--- Excerpted records Enclosed Below ---
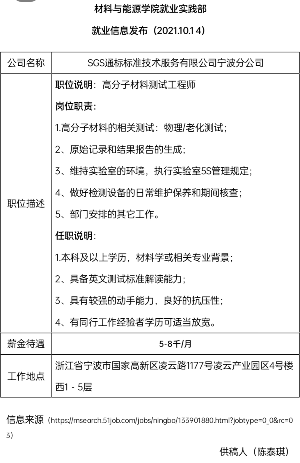 材料与能源学院就业实践部 就业信息发布(2021.10.14)
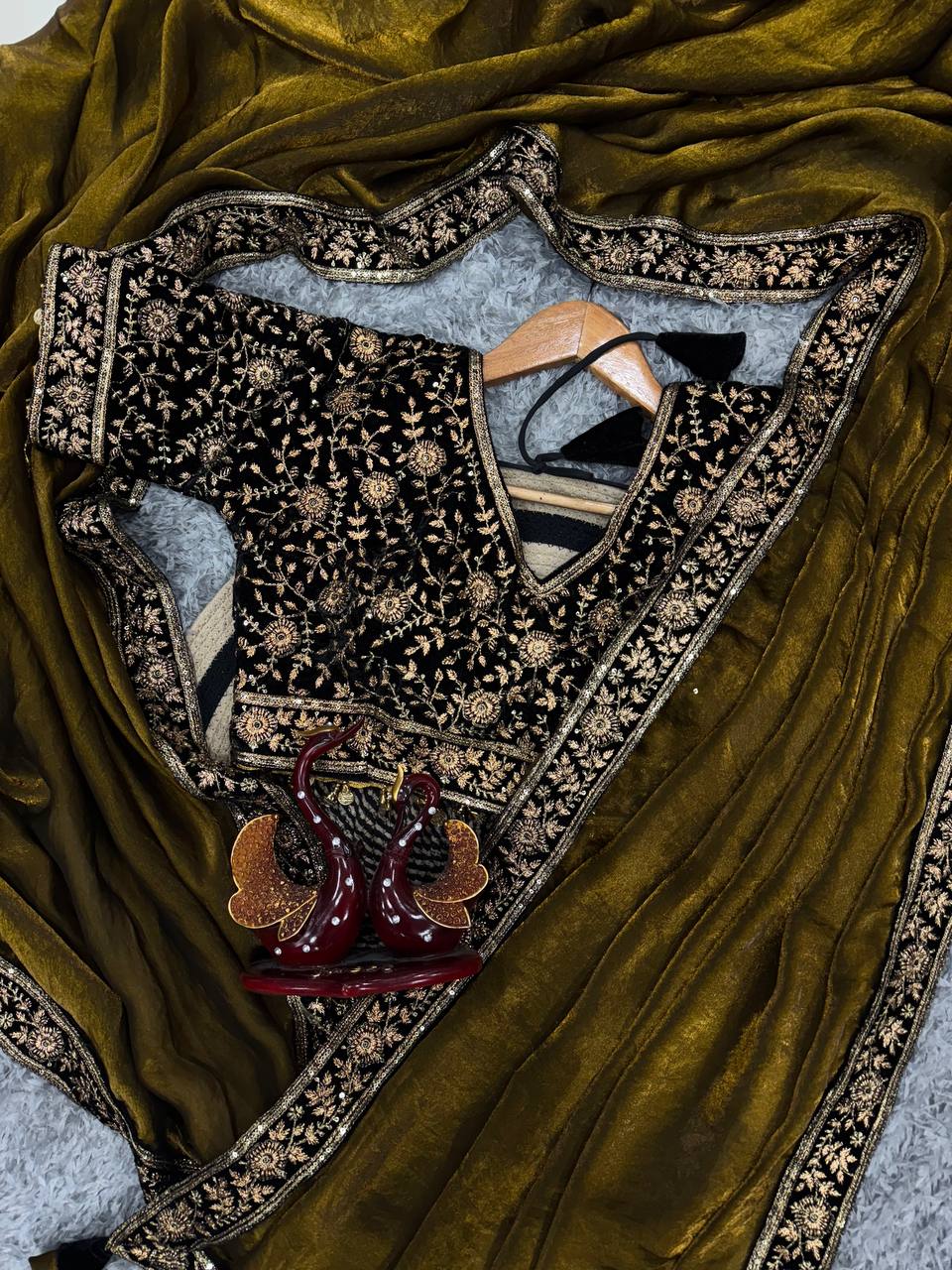 Pure silk saree with sequins, zari embroidery, lace border, fancy latkan, velvet blouse—perfect for sangeet or cocktail.
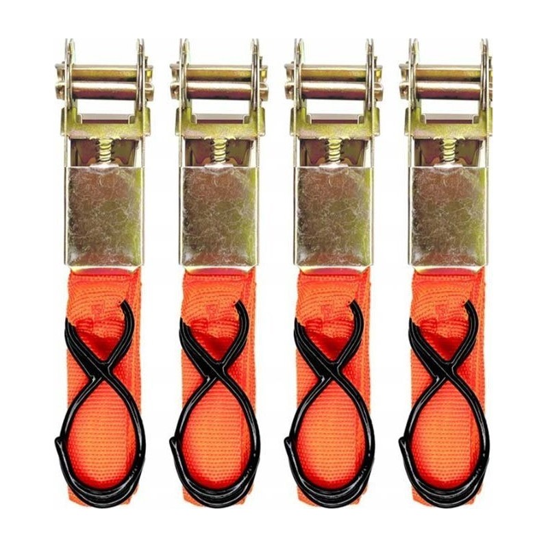 Komplet dwuelementowych pasów z hakiem i napinaczem (grzechotką). Idealne do przytrzymania i mocowania ładunku, a także przenoszenia mebli. Idealnie sprawdzą się w transporcie gabarytowych towarów. Bardzo mocne poliestrowe taśmy Metalowa klamra zapadkowa Stalowy hak powleczony tworzywem sztucznym Zestaw zawiera: 4x pas z hakiem 4x pętla z napinaczem ZALETY PRODUKTU: zabezpieczanie ładunków podczas transportu. przeciwdziałanie siłom działającym na ładunek w czasie jego przemieszczania. ograniczenie strat wynikających z przemieszczania się transportowanych ładunków mogą być wykorzystywane do lawety, przyczepki a także jako pasy ściągające do bagażu SPECYFIKACJA: Szerokość pasa: 25 mm Długość pasa: 4,5 m 4x pas z hakiem 4x pętla z napinaczem Oryginalne opakowanie
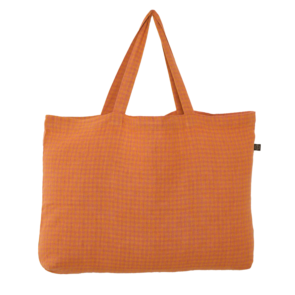 A versatile linen and cotton cabas bag in a rich burnt orange hue, perfect for everyday essentials or market trips. Measuring 60cm x 35cm, this generously proportioned bag offers ample space while maintaining a refined, minimalist aesthetic.
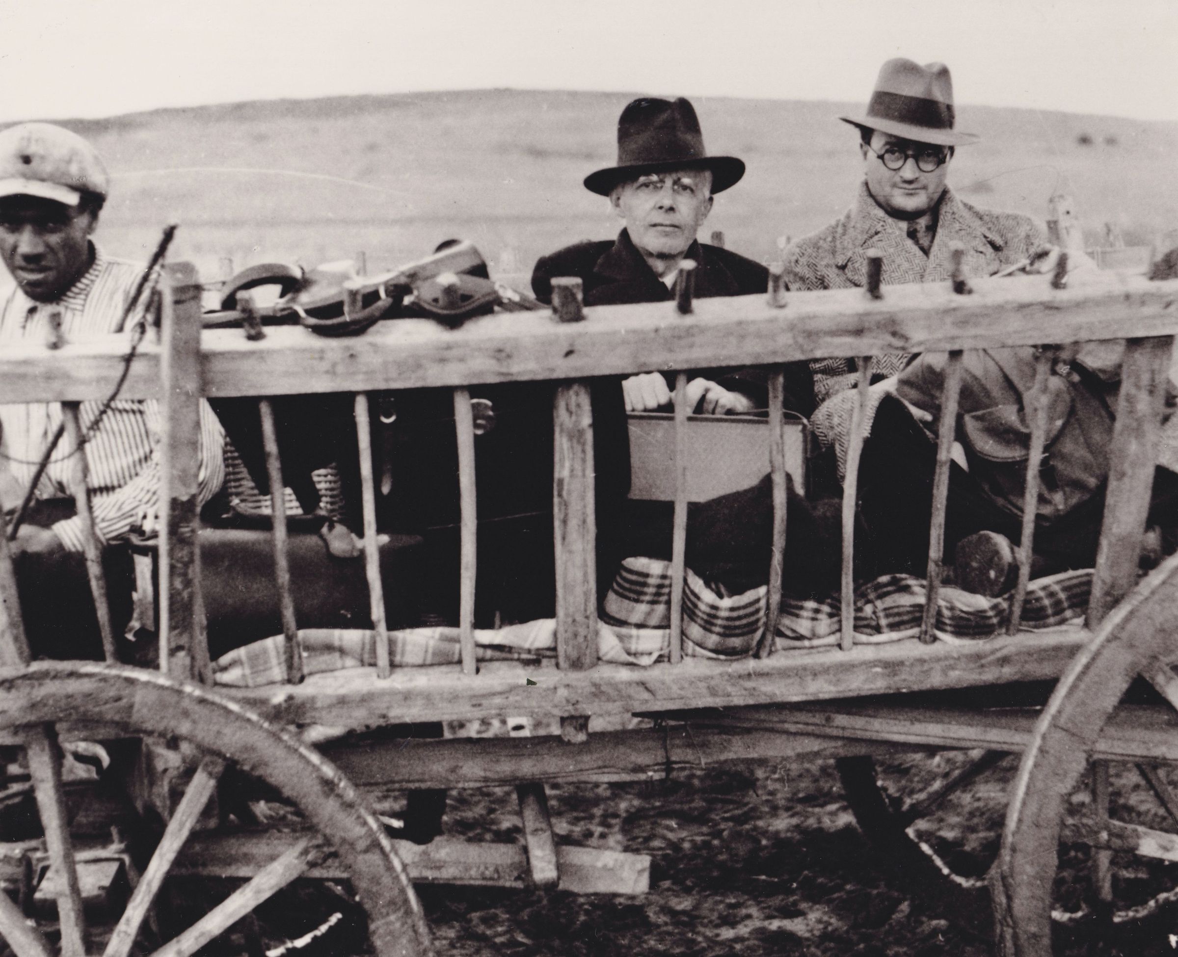 Reproduction of a photograph of Béla Bartók riding in a wagon in Turkey with two unidentified men. He is surrounded by bags and cases. This image was printed on page 148 of "My Father," by Peter Bartók.
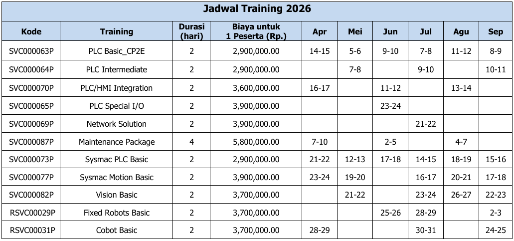 OMRON Indonesia’s training schedule for FY2026
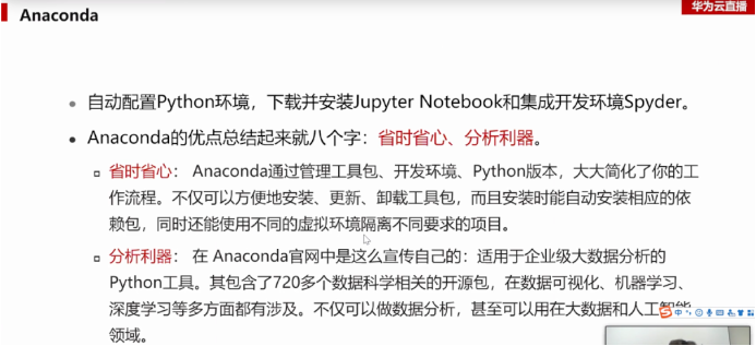 Python的运行环境主要分为两个大的版本,Python2和Python3。两版本的安装步骤是一样的,直播中推荐新手使用一站式安装的Anaconda(是一款集成了许多第三方库的Python解释器,在人工智能和科学计算等领域使用广泛(也分为Python2和Python3))。
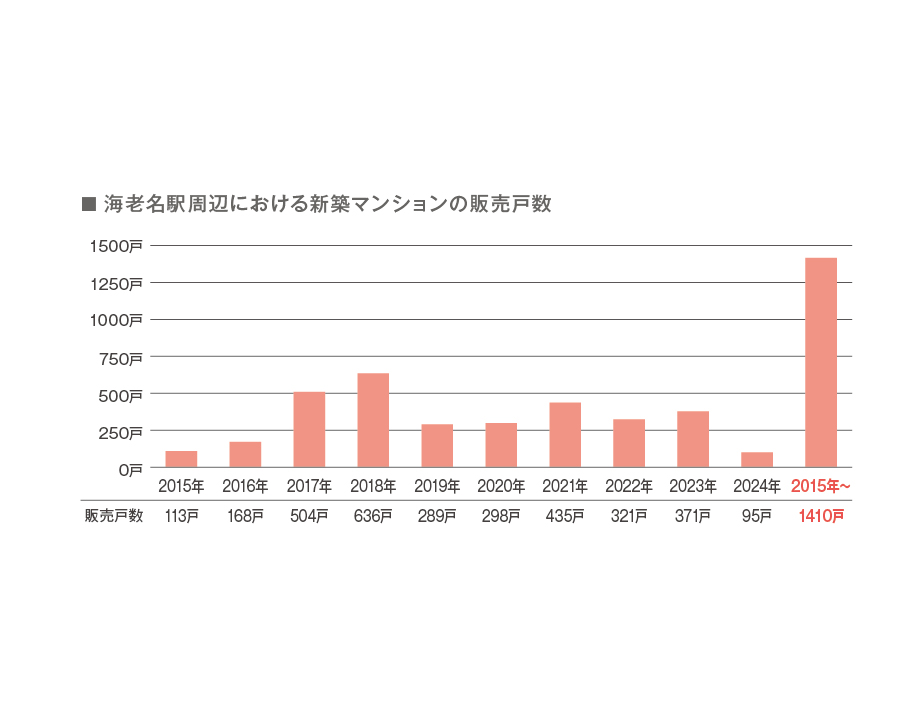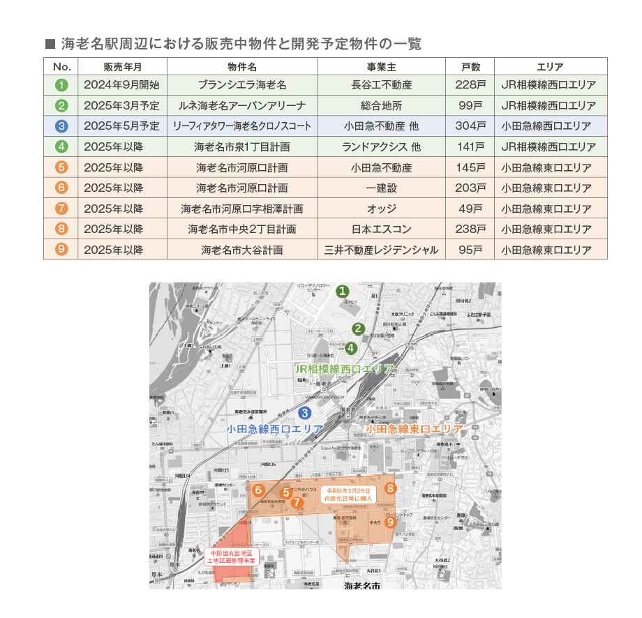 今後、販売が予定される物件は、これまでに供給がされていない、海老名市役所周辺に集中しており、海老名駅徒歩10分以上となる距離感など、未知数な要素が含まれているが、未だ衰えを見せない再開発事業のほか、駅前だけでなく街全体のインフラの整備が進む海老名市だからこそ、これからの市場拡大に期待したい。
--- End of Enclosed Excerpted records ---
▶ [Exercise brief] Begin at the line that contains "Reproduction of a" and transcribe exactly, and only, each line through the final line of the data above, both included; the pictures do not go in.

▶ [Answer for this exercise]
 Reproduction of a photograph of Béla Bartók riding in a wagon in Turkey with two unidentified men. He is surrounded by bags and cases. This image was printed on page 148 of "My Father," by Peter Bartók.
 OMRON Indonesia’s training schedule for FY2026
 Python的运行环境主要分为两个大的版本,Python2和Python3。两版本的安装步骤是一样的,直播中推荐新手使用一站式安装的Anaconda(是一款集成了许多第三方库的Python解释器,在人工智能和科学计算等领域使用广泛(也分为Python2和Python3))。
 今後、販売が予定される物件は、これまでに供給がされていない、海老名市役所周辺に集中しており、海老名駅徒歩10分以上となる距離感など、未知数な要素が含まれているが、未だ衰えを見せない再開発事業のほか、駅前だけでなく街全体のインフラの整備が進む海老名市だからこそ、これからの市場拡大に期待したい。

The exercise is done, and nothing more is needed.